Но было уже поздно. Потому что свет снова погас, а когда через секунду включился, то рядом с уже имевшейся хренацией…
— Итак, будем думать систематически, — сказал Миля, подперев собственный подбородок кулаком.
Оба лингвиста сидели друг против друга за кухонным столом, на котором возвышались все три предмета неизвестного происхождения и ещё три, не вызывавших никаких вопросов, а именно — бутылка и два бокала, вещи, как известно, стимулирующие творческое мышление.
— Для системы фактов не хватает, — пробормотал Зенон, подливая, на правах хозяина, в бокалы. — Не попробовать ли ещё раз-другой? Чтобы не возводить случайность в ранг закономерности.

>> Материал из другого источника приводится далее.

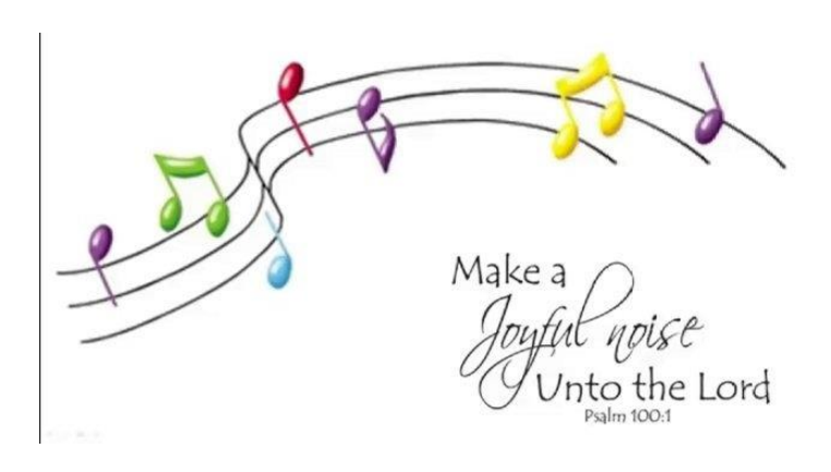
What's Happening at FCC

This Sunday we celebrate music as we join together in a Hymn Sing! Scripture: Psalm 100

— Опасно, — не раздумывая, возразил Какадык. — Количество возьмёт да и перейдёт в качество, а оно может оказаться таким, что от нас и мокрого места не останется. Я считаю, что на основании двух… даже трёх фактов можно уже анализировать и делать выводы, хотя бы предварительные. Давай начнём с инвентаризации: что именно мы можем утверждать без сомнений? Каковы бесспорные факты?
— Ну, пусть будет по твоему. Во-первых, я нашел эту…
— Назовём это ежом — для простоты.
— Я нашёл ежа.
— Притом не случайно.
— Разумеется, нет. Был свет и звук, и я совершенно намеренно пошёл посмотреть — что там такое произошло. И нашёл. В совершенно замороженном состоянии. Да я всё это уже рассказывал.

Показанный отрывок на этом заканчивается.